You know how infectious real happiness is; how it fills you when you
see it deep in another; how, at such moments, everything seems to
sing. That is how it was with them. They did not say very much, but
just kept looking at each other and smiling at each other and then
looking at the baby and smiling at each other again. I do remember
a word or two of the father - spoken once when he sat looking with
pride at the baby after he had made at it one of those rather ineffective
"passes", which fathers make at their children, uncertainly and with
great devotion, when they are young and in their mother's arms. "My
son John," he said smiling, "my son John" and, as he said those words
there was a brightness about the three of them and I was taken back
to the manger at Bethlehem where the Shepherds found a Baby lying
on straw with His Mother beside Him, looking down with her husband
on the Son that was theirs. "The Holy Family," I said to myself, "would
have been very like these three." That thought, added to the quiet
attraction of their goodness, gave to the family before me a dignity
at once quiet and compelling. At that moment I, saw deep - you know
those moments when conviction is burnt in on you; when intuition replaces
argument to blind you, almost, with the brightness of a particular
truth. It was like that with me as I watched the working lad and his
young wife sitting on the seat of a rather dirty railway carriage
with their baby between them. "Here," I said to myself, "is something
sacred. This is the mainspring of everything. If you destroy it or
make life more difficult for it, society will go to pieces. This is
something that can never be supplanted without catastrophe. On its
fate depends the future of civilization."
A Dying People
That was no sentimental musing.
There is, at least, one undeniable and obvious sense in which the
family is basic, the first line of defence of those values on whose
preservation our society depends for survival. If the family dies
out; if children are not born because not wanted, then society will
most obviously shrivel and die. That, surely, is plain. Let parents
everywhere carry selfishness to the point where they refuse to have
children and then society begins to die out. For it cannot survive
unless children are born, and a refusal to have children, therefore,
means that a people pronounces sentence of death on itself. That is
what this country is doing. We are a dying people, refusing to have
children and murdering so many whilst they are yet unborn; dressing
up the murder - as is the habit of the English - in a nice sounding
phrase to conceal the brutality of the killing; and then, with a high-abortion
rate, pointing a sententious finger at Ireland because its infant
mortality rate is higher than ours. At least in that country they
do not kill the unborn child. But, to return to my theme - we are
a dying people and the dying is caused mainly by birth control, which
is motivated in most cases by selfishness. To conceal that unpleasant
fact from themselves the English call the whole process "family planning".

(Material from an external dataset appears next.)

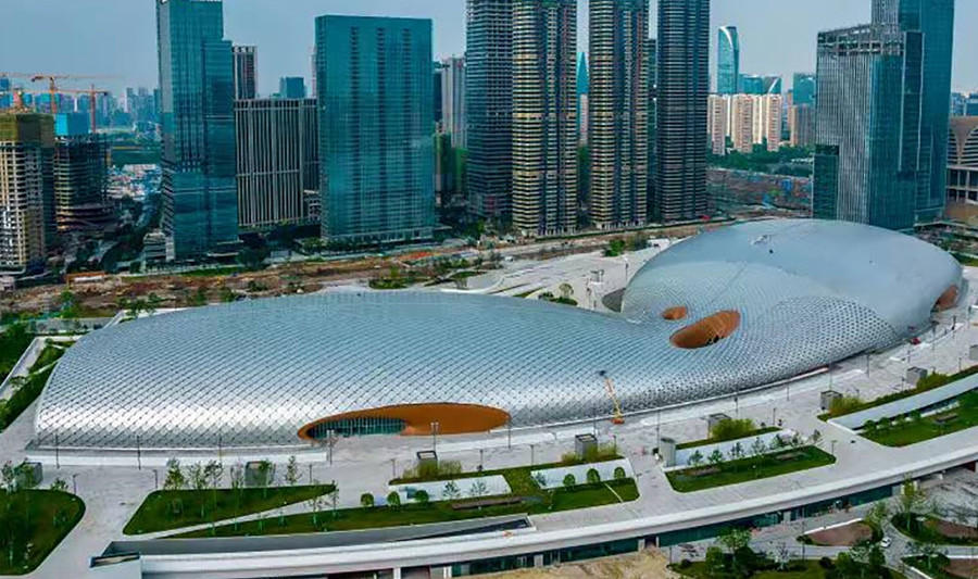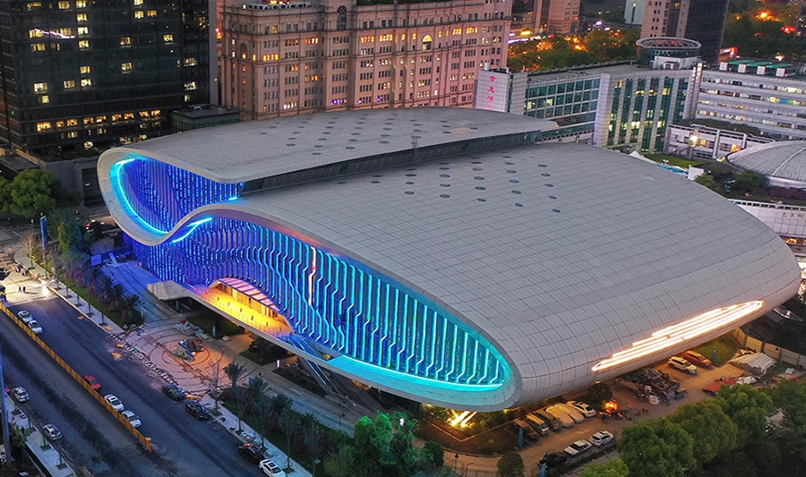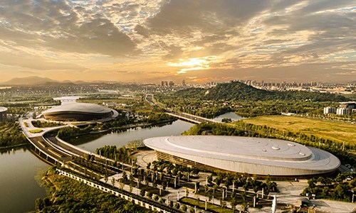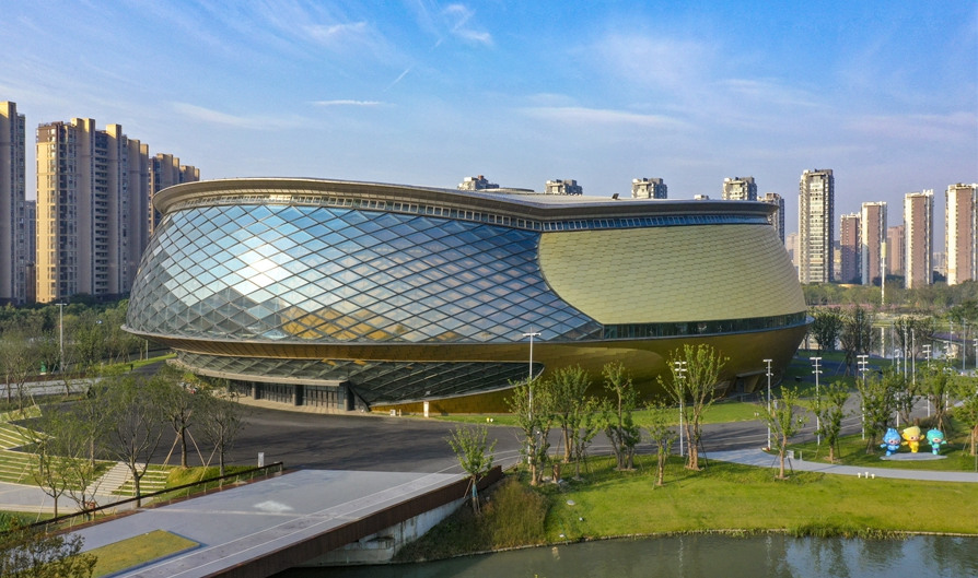 杭州奥体中心游泳馆为亚运会游泳、跳水、花样游泳项目比赛场馆及训练场馆,位于杭州市萧山区,总建筑面积53959平方米,观众席位数约6000个,是一个集游泳、跳水比赛和训练为一体的专业运动场馆。场馆拥有双馆合一的设计理念、独特的流线造型,结合双层全覆盖银白色金属屋面,和两翼张开的平台形式……作为世界上最大的两馆连接体非线性造型场馆,无论白天夜晚,颜值都超高。

It does not conceal the reality, which is that our nation is rotting
away. One estimate has it that by 1971, if present trends continue,
there will be 9,500,000 old people in this country to be supported
by 29,000,000 men and women of working age. Given the materialism
responsible for this state of affairs, is it far-fetched to suggest
that, when such a point is reached, propaganda in favour of euthanasia
will be stronger than ever amongst the able-bodied? Why should it
not be so? To a materialist mentality it will come easily as the only
alternative to economic collapse and, provided its operation is painless
and tidy, it will square ethically with a mentality that associates
immorality with open violence and inhumanity with an existence that
is physically uncomfortable.
The decline is upon us: its course is acknowledged by all as due to the practice of birth control, most of which is effected by contraceptives. Catholics, I am afraid, are not free from its taint. As long ago as 1934 the Catholic family in England was barely of a size sufficient to replace itself. The position is still the same today and seems due in many cases to what an English Catholic bishop has called a compromise with conscience. With him Dr. H. P. Newsholme, a distinguished Catholic doctor, at one time chief medical officer of health for the city of Birmingham, appears to be in complete agreement. Writing on this point a year ago he said:-
"There has, in fact, been exposed to our troubled gaze, an ulcer in the body Catholic, an ulcer poisonous to Catholic life in many directions. What is needed is the cautery, whether of human discipline, or of the divine discipline of the Holy Spirit, cleansing, renewing health of outlook, and giving insight and strength of purpose whereby these Catholic couples can recognize and follow the way of married life which God intends for them."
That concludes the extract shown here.